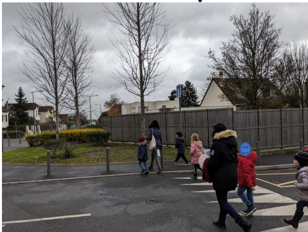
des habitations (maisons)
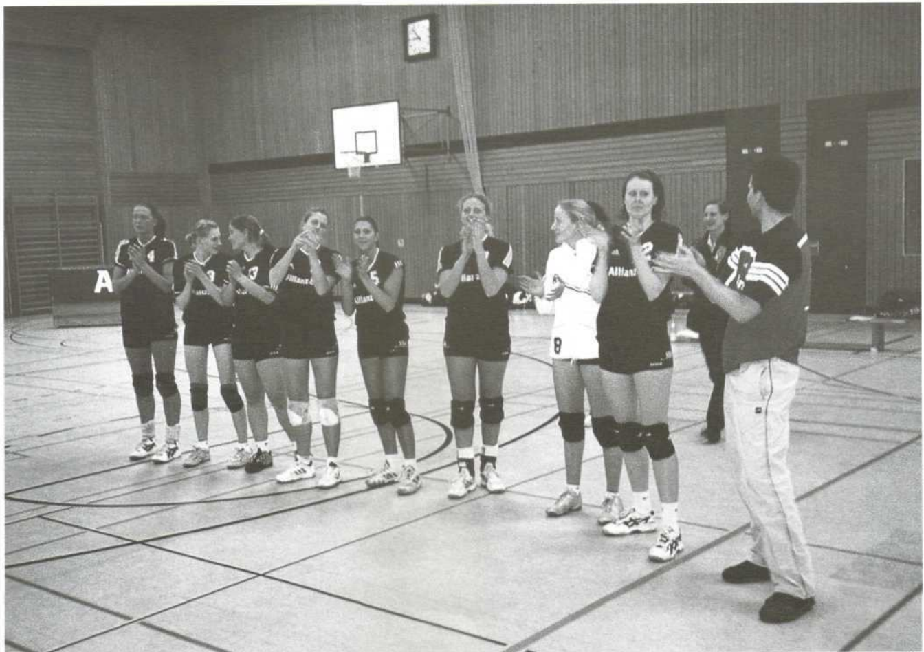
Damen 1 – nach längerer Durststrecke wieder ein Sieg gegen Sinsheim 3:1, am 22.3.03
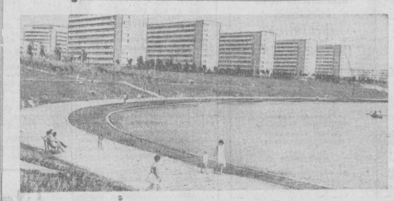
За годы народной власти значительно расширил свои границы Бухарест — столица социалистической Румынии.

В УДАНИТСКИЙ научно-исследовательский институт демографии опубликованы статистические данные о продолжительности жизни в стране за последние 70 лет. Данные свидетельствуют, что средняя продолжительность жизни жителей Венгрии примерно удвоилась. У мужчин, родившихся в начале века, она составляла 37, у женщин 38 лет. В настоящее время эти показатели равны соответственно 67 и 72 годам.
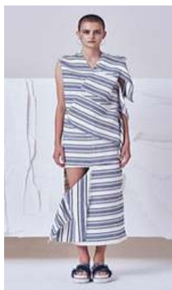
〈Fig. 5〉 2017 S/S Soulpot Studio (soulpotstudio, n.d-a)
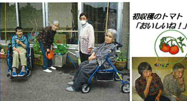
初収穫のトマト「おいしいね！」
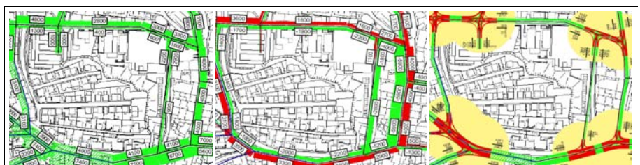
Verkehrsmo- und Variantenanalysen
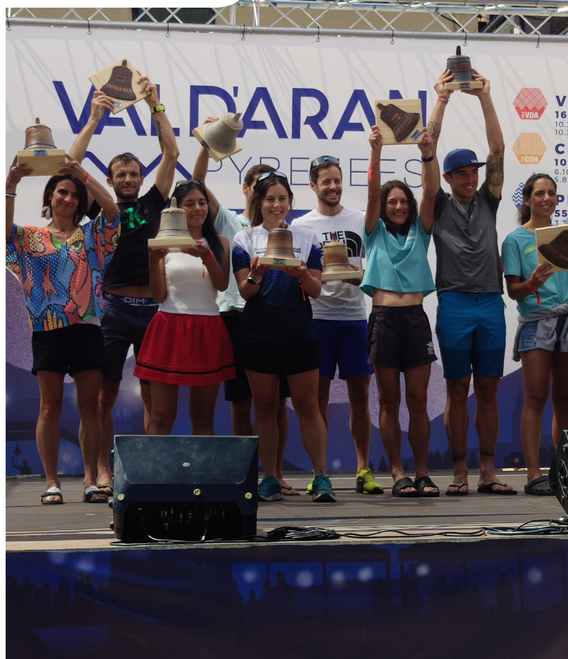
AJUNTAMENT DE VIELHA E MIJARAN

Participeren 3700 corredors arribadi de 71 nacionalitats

• **TASK PROMPT**: Repeat nothing but the lines from the one containing "Verkehrsmo- und Variantenanalysen" through the end of the entries, exactly, and skip the pictures.

• **OUTPUT FOR THIS TASK**:
Verkehrsmo- und Variantenanalysen
AJUNTAMENT DE VIELHA E MIJARAN

Participeren 3700 corredors arribadi de 71 nacionalitats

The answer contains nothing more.